San Nicolas Island Conflict (California)
In 1814 the Russian–American Company dispatched the ship Il’mena with Aleut hunters to San Nicolas Island off the California coast. Conflict with the Indigenous Nicoleño population led to the killing of an Aleut hunter and a retaliatory massacre of Nicoleño people by the Aleuts; precise numbers remain unknown. The Nicoleño were removed from the island in 1835, except for one woman—later called Juana Maria, the “Lone Woman of San Nicolas”—who was found in 1853. She may have been the last surviving member of her people.
World War II and Internment
During the Second World War, Japanese forces invaded the western Aleutians, occupying Attu and Kiska in 1942. Aleut residents of Attu were transported to Hokkaido as prisoners of war, where many died from illness and malnutrition.
Fearing further invasion, the U.S. government forcibly evacuated Aleuts from dozens of communities across the Aleutians and Pribilofs, relocating them to poorly prepared internment camps in southeast Alaska. Overcrowding, inadequate food and limited medical care resulted in high mortality from influenza, measles and other diseases. Approximately 75 Unangan people died in U.S. custody; 22 died in Japanese captivity.

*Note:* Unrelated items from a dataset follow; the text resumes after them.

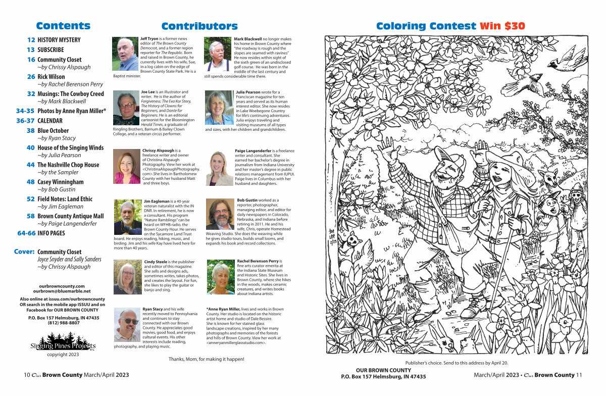 Cindy Steele is the publisher and editor of this magazine. She sells and designs ads, sometimes writes, takes photos, and creates the layout. For fun, she likes to play the guitar or banjo and sing.
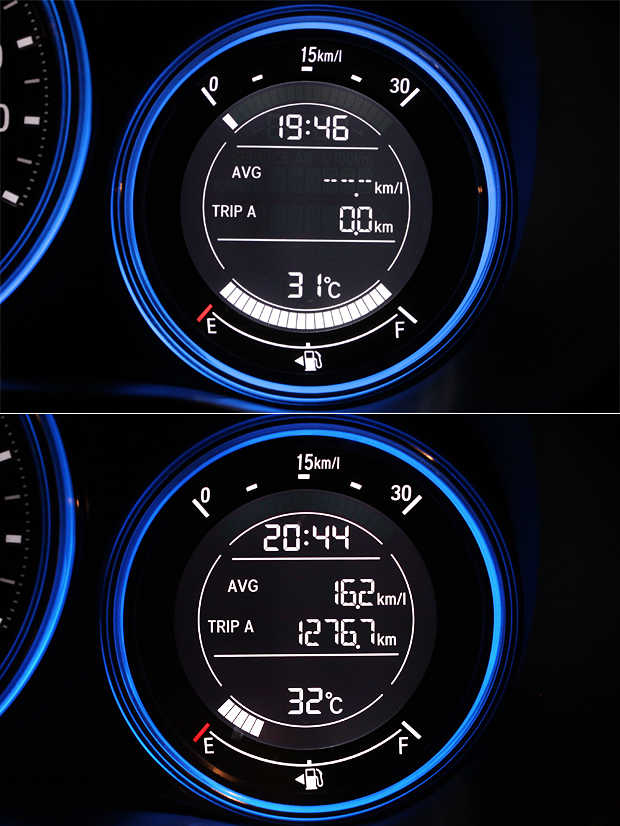 如儀表所示,此行共行駛了1276.7公里之遠,電腦顯示之平均油耗達16.2km/L。
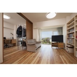 (旧積水化学工業株式会社での事例です。)贅沢な眺望を活かした、落ち着いてくつろげるリビング・ダイニングは、お子様の独立後には隣接する子供部屋と合わせてさらに広く。また奥様こだわりの回遊型の間取りや、悩みの種だった結露・カビ防止(断熱)施工などを取り入れ、快適さと便利さがぐんと増すレイアウト。眺望のいいリビングにくつろぐご主人と家族のくつろぐ姿をみながら趣味のパンづくりに励む奥様。家での時間が充実したものになるリノベーションをご提案。ご夫婦がお気に入りの無垢床を一面に敷いたリビングは、暑さ・寒さ・結露に困らされることなく外の眺望を楽しむことができるご夫婦自慢のリビングに。壁には一面造作収納を設え、たくさんの本などが収納できます。
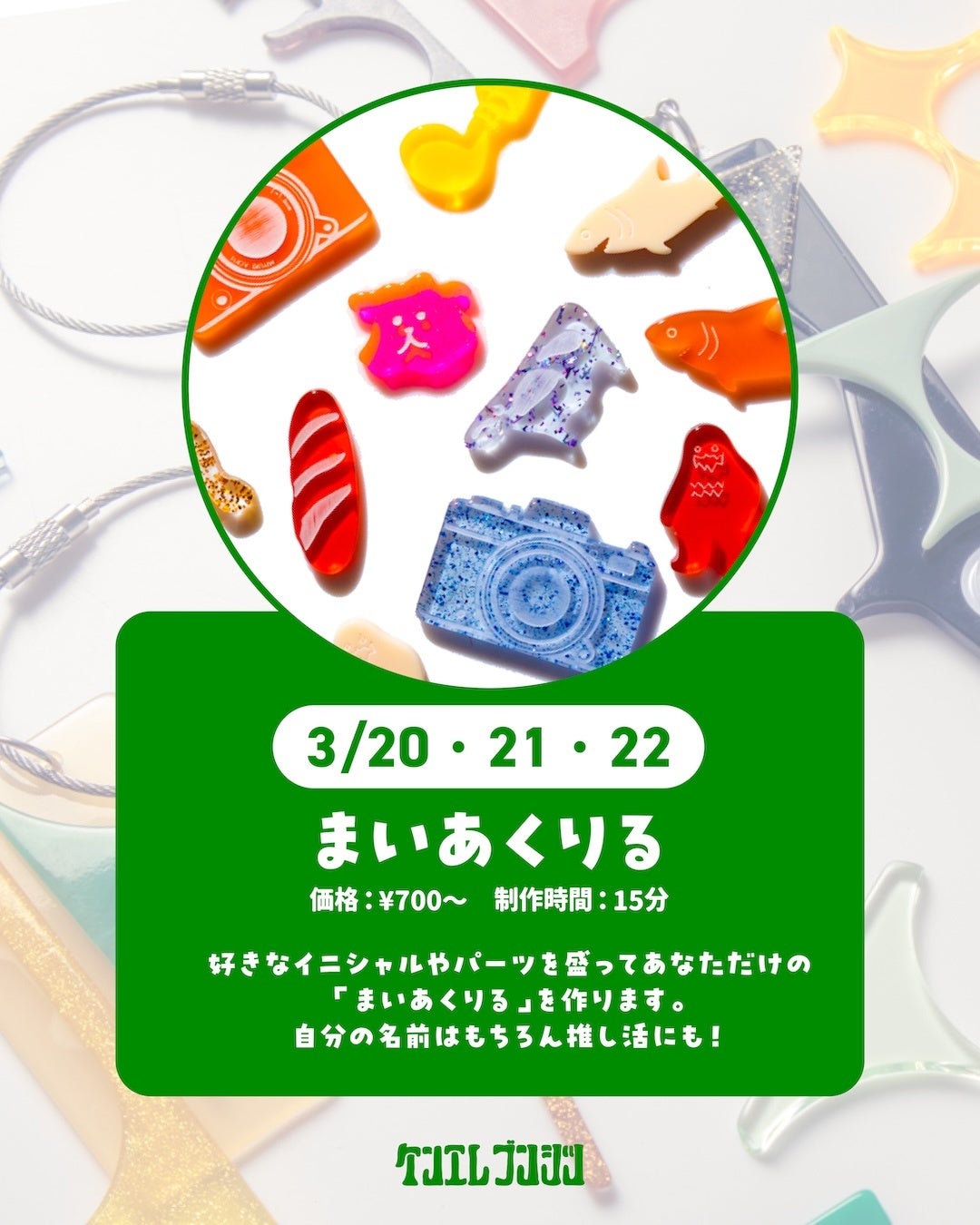 好きなイニシャルやパーツを自由に盛り付け、自分だけのアクリルチャームを制作できる体験型ワークショップで、事前予約不要でご参加いただけます。
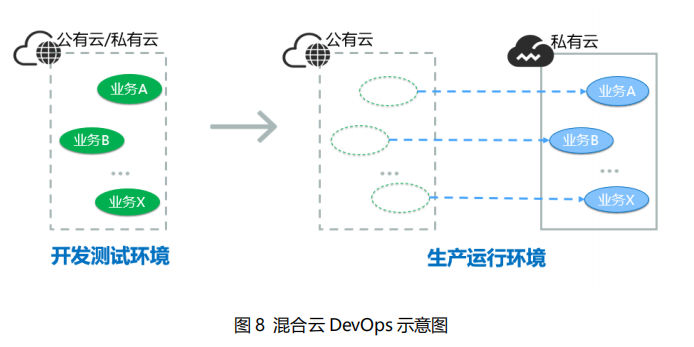 实际部署中,可以将业务的开发测试环境及开发云资源池部署在公共云上,利用公有云按需使用和快速部署能力满足开发测试过程中不断变化的需求;与此同时,用户的核心业务和关键系统生产环境及生产云资源池则可以部署在私有云上,保障业务的稳定的运行。
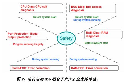 作為新能源汽車的核心部件。電機(jī)控制不僅關(guān)系著整車性能還與行車安全息息相關(guān)。在富士通的電機(jī)控制MCU設(shè)計(jì)中充分考慮了安全特性,通過6大安全機(jī)制來保證系統(tǒng)運(yùn)行的安全可靠,包括:在系統(tǒng)啟動(dòng)前進(jìn)行MCU的自我診斷、總線自診斷、RAM的自診斷;程序非法運(yùn)行時(shí)非法輸出端口保護(hù);系統(tǒng)運(yùn)行期間進(jìn)行總線診斷、RAM錯(cuò)誤糾正、閃存錯(cuò)誤糾正。據(jù)透露,富士通在未來的產(chǎn)品計(jì)劃中,還將增加核心MCU的冗余設(shè)計(jì)(例如雙核或多核)以實(shí)現(xiàn)更強(qiáng)的系統(tǒng)保護(hù)。
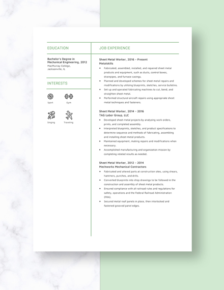 50+ Sheet Metal Worker Resume Images- Instant Download, Easily Editable & Printable.
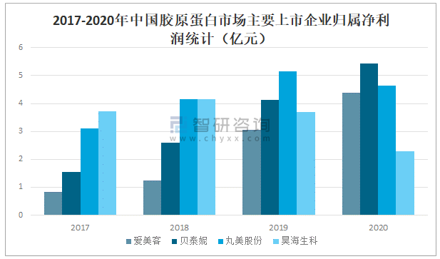 2017-2020年中國膠原蛋白市場主要上市企業歸屬凈利潤統計(億元)
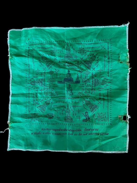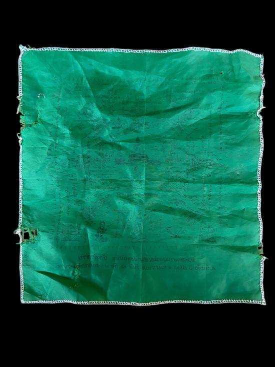 ผ้ายันต์เก่า วัดท่าด่าน ต.หินตั้ง อ.เมือง จ.นครนายก จัดสร้างปี 2547 ลักษณะเป็นผ้าสีเขียว พิมพ์ยันต์และอักขระเต็มผืน งานพิมพ์หมึกเดิมตามยุค ขอบผ้าเย็บริม สภาพตามการใช้งานจริง มีรอยยับและตำหนิจากอายุการเก็บ ถือเป็นของสายเครื่องรางผ้ายันต์ วัดดังนครนายก เหมาะสำหรับเก็บสะสม แขวนบูชา หรือพับพกติดตัวตามความเชื่อ
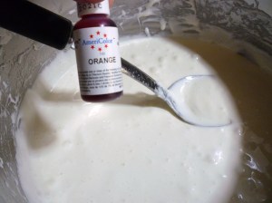 Add food coloring … I used Americolor Orange soft gel paste
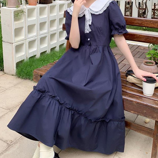 純綿半袖ワンピース夏の新作学院風中高生の少女人形ネック膝丈スカートA字スカート
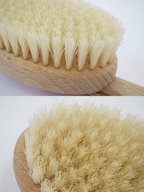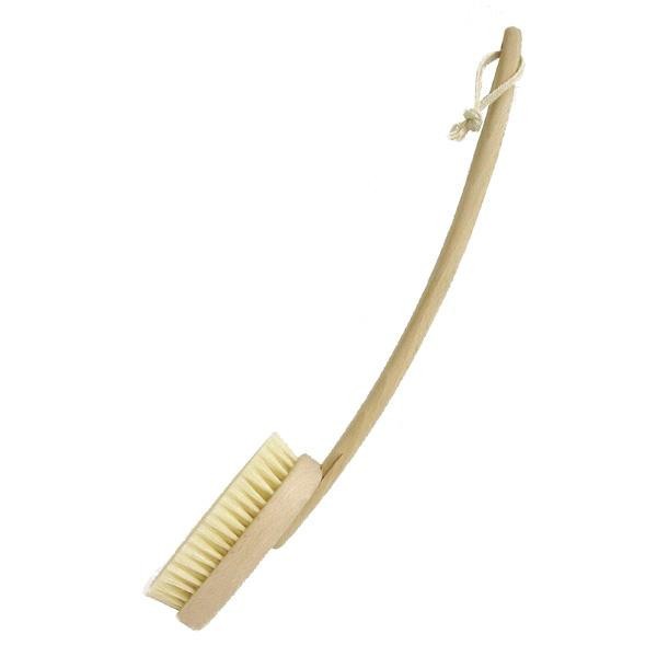 背中にブラシがフィットしやすい柄のカーブと、ラクに持てるグリップが特徴!柄は天然木、ブラシは豚毛を使用した日本製のボディブラシです。
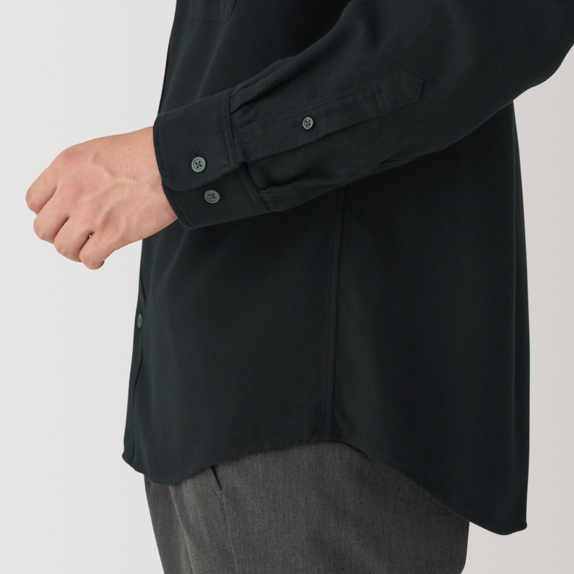 A flannel shirt that you’ll want to wear when the morning and evening air feels cool. The special brushing process gives it a unique texture so it can become a useful daily fit for you during the fall and winter months. Regular fit.
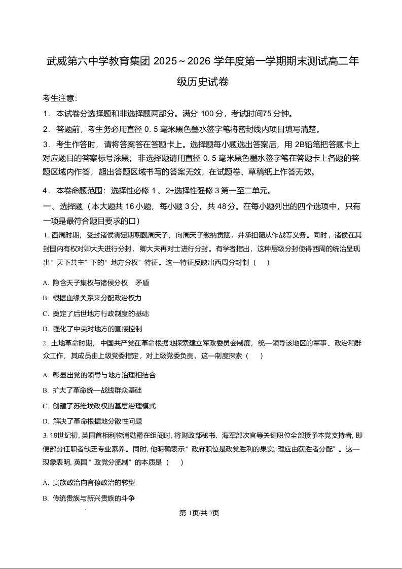 高二历史+答案--甘肃省武威第六中学2025-2026学年高二上学期期末考试
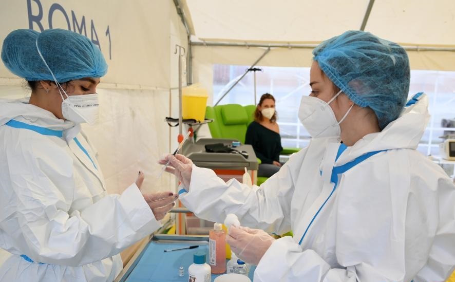 12月28日,在意大利羅馬一家醫(yī)院,醫(yī)護(hù)人員準(zhǔn)備進(jìn)行新冠疫苗接種。歐盟多個(gè)成員國(guó)27日正式啟動(dòng)新冠疫苗接種工作。首批接種的疫苗由美國(guó)輝瑞制藥有限公司與德國(guó)生物新技術(shù)公司聯(lián)合研發(fā)。新華社發(fā)(阿爾貝托·林格利亞攝)
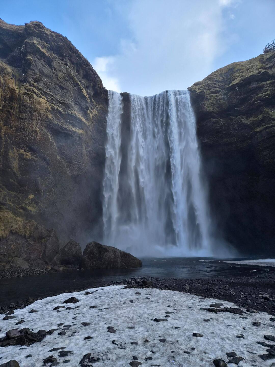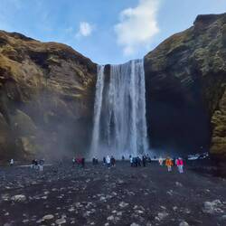 Der Skógafoss ist ein Wasserfall des Flusses Skógá im Süden Islands. Er ergießt sich über eine Breite von 25 Metern 60 Meter in die Tiefe.
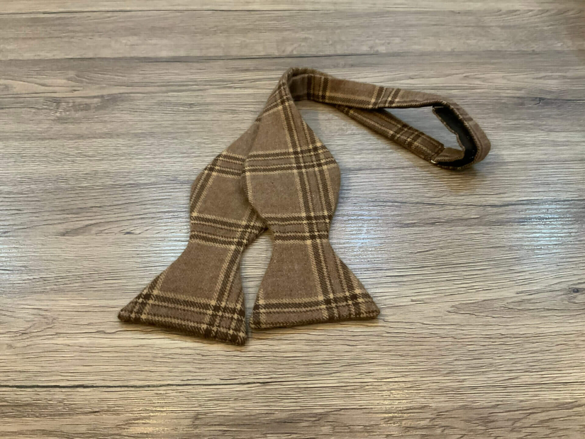 Papillon tagliato e cucito a mano da annodare e con collare regolabile, realizzato in cashmere 100% con fantasia in principe di Galles in beige e marrone.
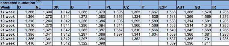 法國生豬價(jià)格上漲幅度1.2歐分,法國供屠宰的生豬數(shù)量在下降。奧地利和德國上漲3歐分。奧地利生豬數(shù)量下降15%,主要原因是天氣太熱。西班牙生豬體重在下降。荷蘭和丹麥生豬價(jià)格沒有變化。丹麥生豬價(jià)格已經(jīng)連續(xù)11周保持不變。德國四家大型屠企(Toennies、Vion、Westfleisch、Danish
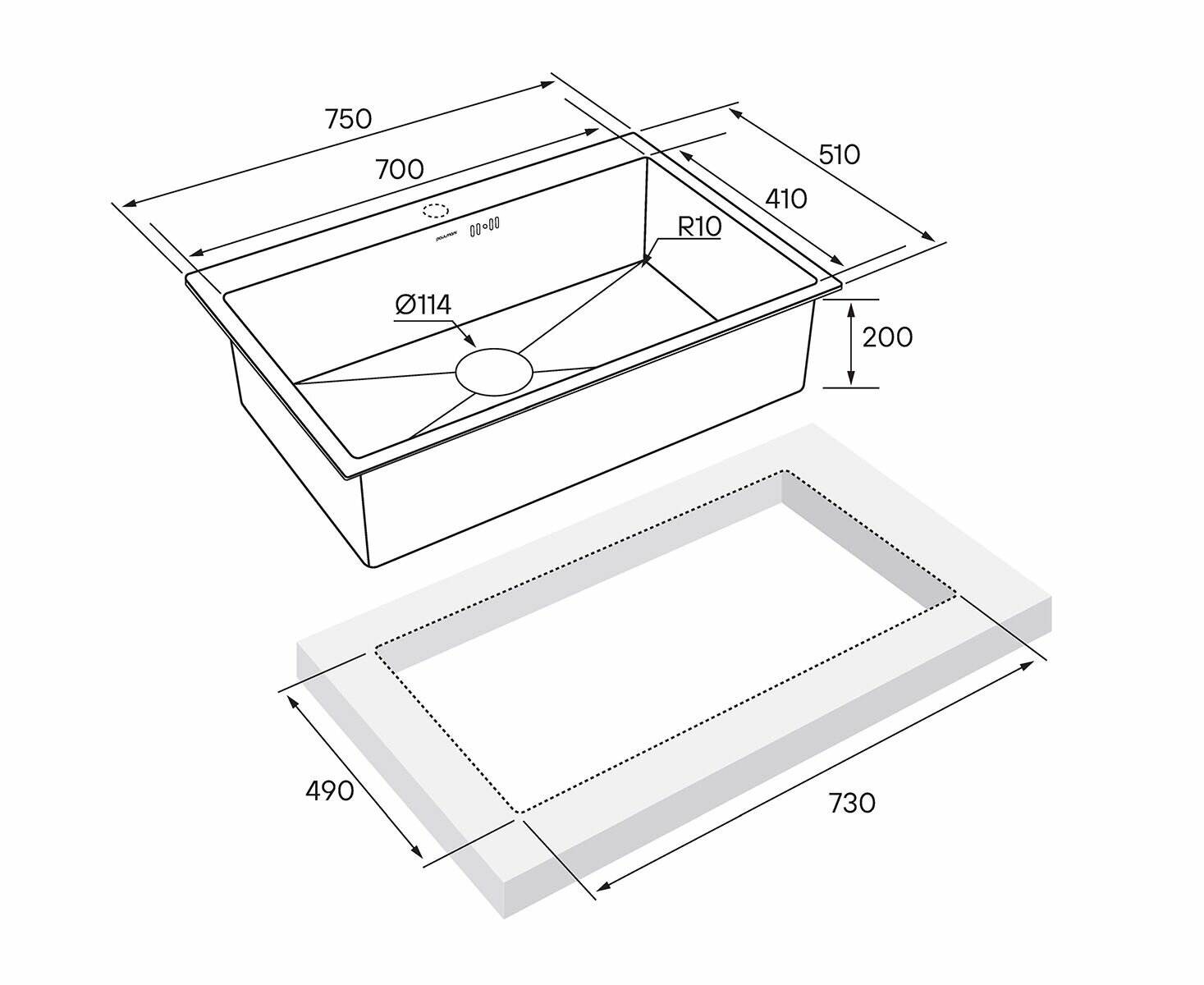 Мойка для кухни из нержавеющей стали AISI304 Paulmark VELTEN 75, 750х510 мм, шумопоглащающее покрытие, отверстие под смеситель, универсальный монтаж, цвет брашированная сталь

In 1988 the Aleut Restitution Act sought to compensate survivors, and in 2017 the U.S. government issued a formal apology for the internments and their lasting impact.
The U.S. military’s Aleutian Islands Campaign (1942–1943) ultimately recaptured Attu and Kiska but brought profound disruption to Unangan communities.
Culture and Heritage
Aleut culture traditionally centred on maritime hunting—especially seals, sea lions and whales—fishing, and the crafting of elaborate skin-covered kayaks known as iqyax̂. Unangan craftsmanship in basketry, carving and clothing is highly developed, reflecting millennia of adaptation to a cold maritime environment.
Russian influence, particularly through Orthodoxy, intermarriage and language contact, has shaped modern Aleut identity. Today Aleut communities maintain cultural revitalisation programmes, language preservation efforts and heritage events to sustain Unangax̂ traditions.